The coefficient is the slope of the line, or how much Y depends linearly on X. If the coefficient is zero, that indicates that X and Y are not linearly correlated. What is the confidence of this prediction? That is given by the t-statistic, which is the coefficient divided by the standard error. The higher t is, the more significant the correlation.
We can convert the t-statistic into more easily interpretable p-values with standard tables. In this case, t = 2.4 translates to p = 0.024. That’s well below the significance threshold of p < 0.05, so we conclude that this relationship, Y ~ 0.48 * X, is significant! My statement, as the author of this fake paper, is completely accurate.
Or is it? If I went into this analysis blind, I might be tempted to stop there. But, since I can see the data and notice that outlier, let’s redo the analysis and remove that point.
The correlation between X and Y completely disappeared. The coefficient went to 0, and the t-statistic did too. Our correlation depends entirely on that single data point. This fact is not captured at all by the p-value, but is very obvious from the plot.
So, the correlation must be fake then, if it depends on the single point, right? Well, no, not necessarily. Visualizing our data has led us to the conclusion that the significance of our data set depends entirely on the outlier. How can we decide whether to keep the outlier or not?
THE THIRD COMMANDMENT
Know thy noise floor.
Let’s return to our plot, without the fits, but now, let’s add a “noise floor,” set at Y = 1.

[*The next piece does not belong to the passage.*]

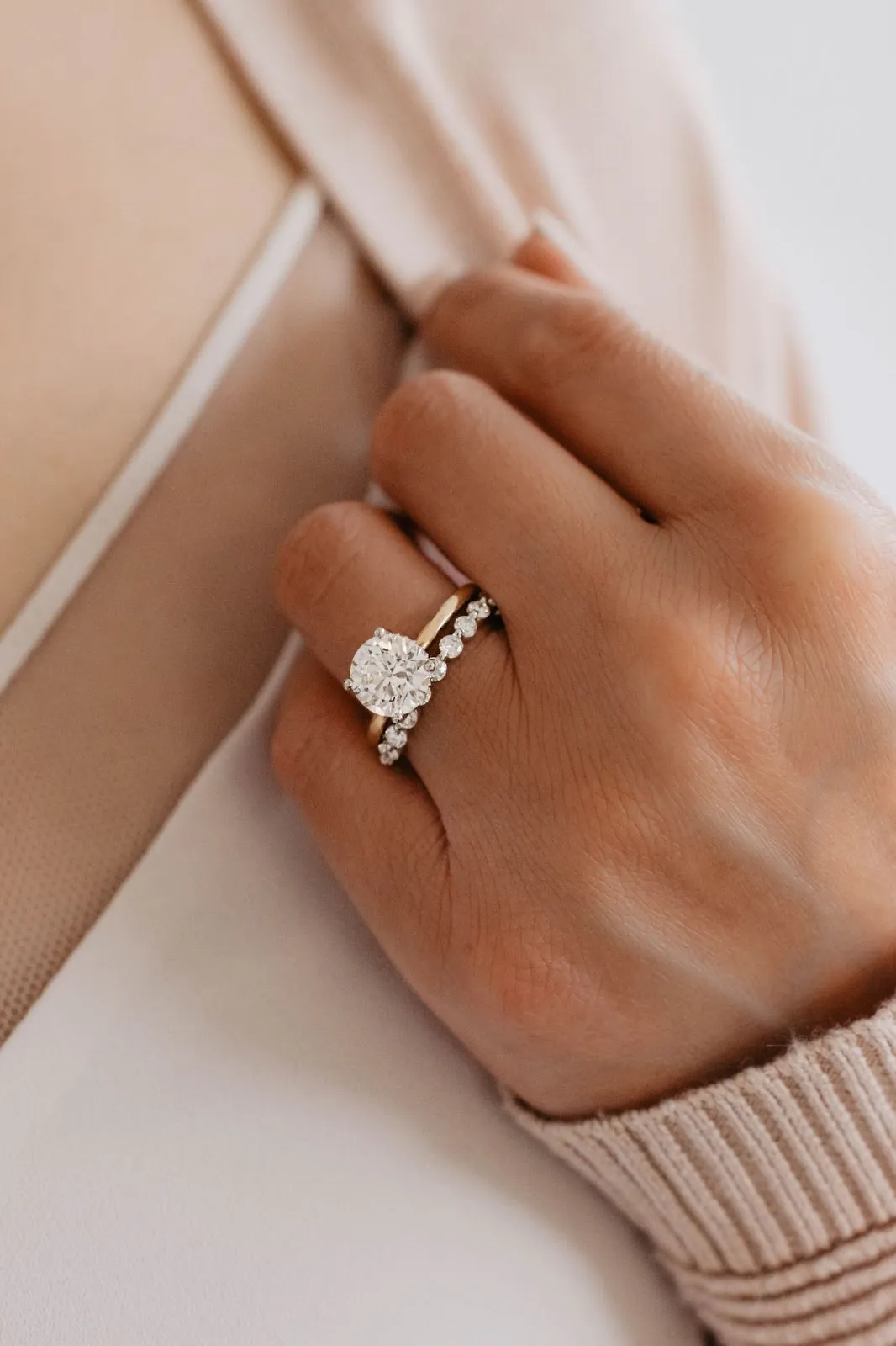 Thirdly, also take into account the width and size of each ring, which will greatly impact the proportions of your jewellery selection. If you’d like any one element to take centre stage, you might prefer to have the others be relatively unassuming. For example, a simple, plain, wedding band would draw further attention to the scintillating diamond on your engagement ring. Alternatively, have all elements merge seamlessly by choosing rings of similar proportions. A large round diamond would proportionately stand out less when framed by a wide pavé ring, for example.

What is a noise floor? The noise floor is a concept stolen from signal processing, but that applies to literally every measurement. From Wikipedia:
the noise floor is the measure of the signal created from the sum of all the noise sources, where noise is defined as any signal other than the one being monitored.
In other words, the noise floor is your ultimate measurement limit. Any data point measured below (or near) the noise floor is deeply suspect and not to be trusted.

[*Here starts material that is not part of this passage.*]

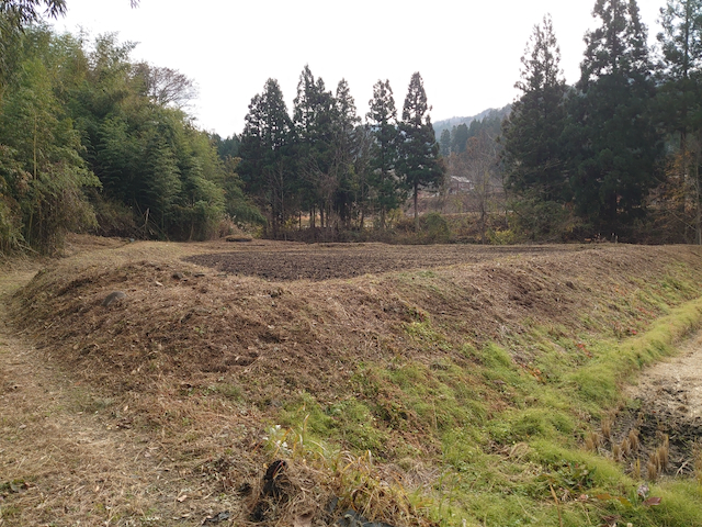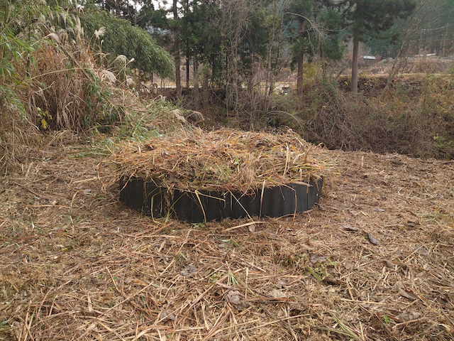 刈った草は来年の秋耕起で入れる堆肥にする為に、圃場のすぐ横の薮を刈り払って畦並板で囲って堆肥場を作って、そこに運び入れました。

Every measurement has a noise floor. In human studies, it could be the contributions from lizardmen (great article, highly recommend). In physics research, it can be the sum of all the noise generated by your measurement electronics. In optics, it’s usually the dark count rate of your photodetector.
Returning to our plot, we notice that actually, most of our data points are below the noise floor, and therefore (probably) meaningless. If we interpret Y as the signal-to-noise ratio or SNR, then the outlier is the only point that is significantly above the noise floor. Maybe our measurement just doesn’t show much signal until X reaches about 5, and only then do we have sufficient resolving power to see the effect. Maybe the outlier is the only relevant data point here.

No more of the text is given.